* _RECORDS FOR THE EXERCISE_
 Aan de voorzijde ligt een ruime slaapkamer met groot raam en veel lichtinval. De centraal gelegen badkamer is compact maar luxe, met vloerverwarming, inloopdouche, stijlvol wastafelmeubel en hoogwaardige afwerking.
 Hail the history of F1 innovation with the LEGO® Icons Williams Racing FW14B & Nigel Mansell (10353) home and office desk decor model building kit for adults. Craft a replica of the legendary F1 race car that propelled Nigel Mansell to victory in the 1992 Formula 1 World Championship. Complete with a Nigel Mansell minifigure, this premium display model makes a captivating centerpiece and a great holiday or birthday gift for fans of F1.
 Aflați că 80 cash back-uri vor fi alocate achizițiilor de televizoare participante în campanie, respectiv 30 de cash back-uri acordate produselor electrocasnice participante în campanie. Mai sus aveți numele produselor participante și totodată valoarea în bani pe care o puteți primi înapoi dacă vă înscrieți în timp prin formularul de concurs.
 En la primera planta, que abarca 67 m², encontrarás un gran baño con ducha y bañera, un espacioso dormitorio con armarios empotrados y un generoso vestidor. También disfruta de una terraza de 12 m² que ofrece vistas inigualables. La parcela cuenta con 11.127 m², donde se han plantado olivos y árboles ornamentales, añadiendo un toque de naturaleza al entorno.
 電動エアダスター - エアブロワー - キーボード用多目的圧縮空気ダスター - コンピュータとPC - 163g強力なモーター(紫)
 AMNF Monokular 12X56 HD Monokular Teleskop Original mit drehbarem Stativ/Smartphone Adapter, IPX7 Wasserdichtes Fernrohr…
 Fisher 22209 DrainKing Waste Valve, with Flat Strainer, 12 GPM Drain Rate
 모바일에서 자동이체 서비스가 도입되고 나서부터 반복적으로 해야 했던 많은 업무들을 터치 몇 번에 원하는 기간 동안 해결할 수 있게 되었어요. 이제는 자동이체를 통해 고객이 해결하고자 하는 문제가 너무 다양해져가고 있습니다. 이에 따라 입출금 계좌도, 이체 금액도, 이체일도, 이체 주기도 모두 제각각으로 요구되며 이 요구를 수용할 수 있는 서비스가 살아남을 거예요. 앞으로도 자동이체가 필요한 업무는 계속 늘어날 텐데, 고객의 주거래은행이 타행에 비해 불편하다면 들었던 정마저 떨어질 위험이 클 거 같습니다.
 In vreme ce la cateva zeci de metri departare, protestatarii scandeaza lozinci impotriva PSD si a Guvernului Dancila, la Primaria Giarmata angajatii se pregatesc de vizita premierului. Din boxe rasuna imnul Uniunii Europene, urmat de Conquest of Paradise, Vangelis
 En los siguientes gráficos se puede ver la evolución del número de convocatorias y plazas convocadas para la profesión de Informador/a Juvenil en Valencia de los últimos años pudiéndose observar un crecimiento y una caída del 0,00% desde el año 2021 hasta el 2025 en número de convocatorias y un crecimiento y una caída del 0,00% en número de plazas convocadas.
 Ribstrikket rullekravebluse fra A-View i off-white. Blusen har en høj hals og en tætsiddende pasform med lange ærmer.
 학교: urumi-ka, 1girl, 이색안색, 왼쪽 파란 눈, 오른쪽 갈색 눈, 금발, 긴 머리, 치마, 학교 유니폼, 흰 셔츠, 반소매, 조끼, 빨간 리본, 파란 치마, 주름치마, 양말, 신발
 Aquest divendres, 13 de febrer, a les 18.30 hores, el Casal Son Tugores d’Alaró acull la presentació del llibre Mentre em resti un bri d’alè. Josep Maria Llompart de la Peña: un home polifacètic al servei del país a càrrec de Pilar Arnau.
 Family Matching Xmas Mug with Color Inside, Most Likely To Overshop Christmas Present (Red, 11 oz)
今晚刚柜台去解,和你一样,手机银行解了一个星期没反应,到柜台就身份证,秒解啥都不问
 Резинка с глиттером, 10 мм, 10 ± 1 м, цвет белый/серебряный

* _TO DO_
Write out exactly the lines that fall from the line with "In vreme ce" to the line with "학교: urumi-ka, 1girl, 이색안색, 왼쪽" in the records above, keeping both ends.

* _YOUR RESPONSE_
 In vreme ce la cateva zeci de metri departare, protestatarii scandeaza lozinci impotriva PSD si a Guvernului Dancila, la Primaria Giarmata angajatii se pregatesc de vizita premierului. Din boxe rasuna imnul Uniunii Europene, urmat de Conquest of Paradise, Vangelis
 En los siguientes gráficos se puede ver la evolución del número de convocatorias y plazas convocadas para la profesión de Informador/a Juvenil en Valencia de los últimos años pudiéndose observar un crecimiento y una caída del 0,00% desde el año 2021 hasta el 2025 en número de convocatorias y un crecimiento y una caída del 0,00% en número de plazas convocadas.
 Ribstrikket rullekravebluse fra A-View i off-white. Blusen har en høj hals og en tætsiddende pasform med lange ærmer.
 학교: urumi-ka, 1girl, 이색안색, 왼쪽 파란 눈, 오른쪽 갈색 눈, 금발, 긴 머리, 치마, 학교 유니폼, 흰 셔츠, 반소매, 조끼, 빨간 리본, 파란 치마, 주름치마, 양말, 신발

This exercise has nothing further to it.